On this particular day, 12 years ago today – Sept. 11, 2001 – I chose to wear black dress pants and a purple blouse with matching accessories. I reported to my University of Central Florida office in downtown Orlando and went about my business.
Around 9 a.m., a colleague came to my office and reported that some kind of aircraft had crashed into one of the World Trade Center towers in New York City. Being a New Yorker by birth and having visited the majestic site a number of times, I assumed this aircraft was probably a careless news helicopter that had flown too close to the structure in the pursuit of a better camera shot and probably nicked one of the corners of the building.
I dismissed my colleague’s report as inconsequential, given the size and height of the towers, although I did briefly imagine what the damages were and how startled the person who occupied that particular office was, given the statistical improbabililty of a helicopter hitting an office window.
This was my frame of mind until a few minutes later when the same colleague came back to my office with an update: The second tower had been struck by another aircraft. My reaction: That’s impossible. Or could it be that a news helicopter pilot was flying a chopper under the influence of something? My colleague proceeded to share that the crashes involved planes, not helicopters, and that they did not appear to be accidents.
That’s when I, and the rest of the world, turned to the Internet and news outlets to have our existence (our normalcy?) changed forever.
I remember accessing the USA Today website briefly after a number of tries; however, given the high volume of Internet searches, the website was, in essence, static and unreliable. Then my colleagues and I in numbness huddled around the one TV in our building to watch the developments.

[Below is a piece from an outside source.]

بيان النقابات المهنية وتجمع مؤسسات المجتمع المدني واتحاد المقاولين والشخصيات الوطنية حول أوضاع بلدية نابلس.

All I kept repeating to myself was, “What is happening?”
Throughout the morning I kept in touch with my family in Kissimmee, briefly finding relief/solace every time the safety of a relative of ours in New York was confirmed.
An hour or so later, we received word from the main UCF campus that in view of the developments in New York and the Pentagon, the university would close at noon.

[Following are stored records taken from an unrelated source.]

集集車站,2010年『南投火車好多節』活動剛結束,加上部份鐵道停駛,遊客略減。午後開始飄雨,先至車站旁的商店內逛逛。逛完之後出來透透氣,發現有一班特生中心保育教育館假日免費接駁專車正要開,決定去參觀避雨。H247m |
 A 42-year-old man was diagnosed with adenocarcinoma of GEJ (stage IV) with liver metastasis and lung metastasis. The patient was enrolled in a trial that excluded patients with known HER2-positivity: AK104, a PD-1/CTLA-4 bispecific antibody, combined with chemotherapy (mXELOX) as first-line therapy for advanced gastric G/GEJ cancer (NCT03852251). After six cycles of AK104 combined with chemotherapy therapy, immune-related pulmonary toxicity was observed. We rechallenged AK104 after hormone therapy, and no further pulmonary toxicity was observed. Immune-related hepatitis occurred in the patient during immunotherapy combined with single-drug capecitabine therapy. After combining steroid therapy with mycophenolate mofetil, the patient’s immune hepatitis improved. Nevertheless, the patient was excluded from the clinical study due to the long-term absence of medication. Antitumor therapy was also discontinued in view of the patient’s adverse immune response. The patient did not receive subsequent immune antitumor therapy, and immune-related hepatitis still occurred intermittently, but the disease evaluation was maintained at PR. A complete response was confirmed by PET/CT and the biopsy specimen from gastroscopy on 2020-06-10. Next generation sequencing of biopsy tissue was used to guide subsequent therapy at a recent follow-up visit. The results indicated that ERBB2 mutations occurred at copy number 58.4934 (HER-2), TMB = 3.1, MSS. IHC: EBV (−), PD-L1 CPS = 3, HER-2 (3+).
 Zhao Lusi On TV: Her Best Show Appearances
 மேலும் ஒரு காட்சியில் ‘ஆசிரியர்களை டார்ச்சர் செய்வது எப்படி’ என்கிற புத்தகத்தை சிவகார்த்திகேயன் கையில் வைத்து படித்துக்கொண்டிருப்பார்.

On my somber and still incredulous drive home, I remember thinking: “Wow, I could drive in reverse and no one would notice.” Interstate 4 was desolate; all radio stations I tuned in to had suspended their regular programming to provide updates on the developing situation.
At this point, all I wanted to do was get to my grandparents’ house in Kissimmee, to meet with my family that had gathered. After I arrived there, the mood was quiet, almost reverent – everyone, young and old, around the TV watching in disbelief with the towers in flames, and later in ruins.

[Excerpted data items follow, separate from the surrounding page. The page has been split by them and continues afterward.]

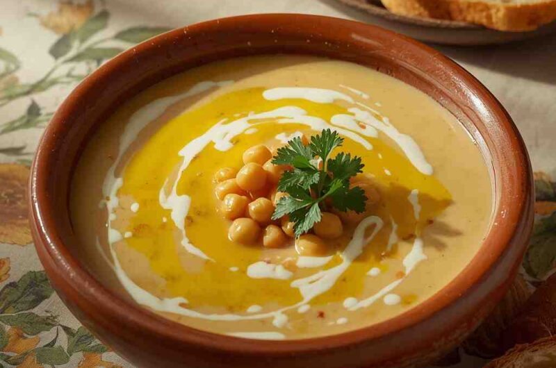 The soup is naturally vegan, gluten-free, and packed with protein and fiber. What makes it so special is the combination of tender chickpeas, aromatic herbs, and bright, tangy lemon juice. Despite its simplicity, it delivers layers of flavor and a creamy texture without any dairy. Each spoonful is heartwarming, vibrant, and deeply satisfying—a perfect reflection of Mediterranean cooking at its best.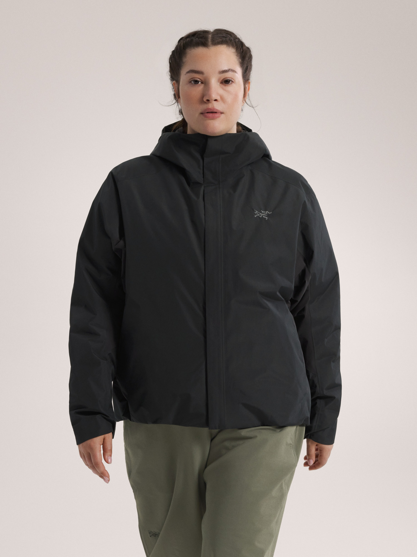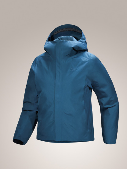 Targeted weather protection, down's warmth, stretch freedom – you pull it on for the hike, you end up wearing it all day. Hybrid Mapping Technology puts a PFAS-free GORE-TEX fabric on the body and sleeves. Breathable Fortius 1.0 softshell on the back and under the arms adds ventilation and stretch. The responsibly sourced 750-fill goose down is placed in box-wall baffles to maximize its efficiency, and low-profile Coreloft™ synthetic insulation is used in the side panels.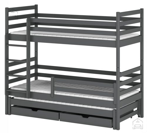 Sodobna otroška postelja z dodatnim ležiščem je namenjena fantom in deklicam. Otroška postelja je narejena tako, da združuje funkcionalnost, modernost in predvsem kakovost in varnost za vašega otroka, ker ima močen okvir iz bora. Praktične dimenzije zagotavljajo, da postelja ne zasede veliko prostora, zato je več prostora za igranje ali učenje. Otroška postelja je narejena iz borovega lesa. Postelja ima prostor za shranjevanje v obliki dveh predalov. | Ležalna površina: 90x200 cm

It’s interesting that we remember so many of our trivial personal details of this date, what we wore, where we were, our exact reaction to the news, etc. For my generation, Generation X, we previously did not have a reference point of this magnitude. This was our Pearl Harbor. At least for me, the words of President Roosevelt became real: “…a date which will live in infamy.”
So many lives lost, so many lives changed.
Although Sept. 11 was a day the world stood still for all of us, it will always remind us – in the world’s new normalcy of safety sensitivities – to be more compassionate, enjoy our time with family and friends, and to live our lives to be the best we can.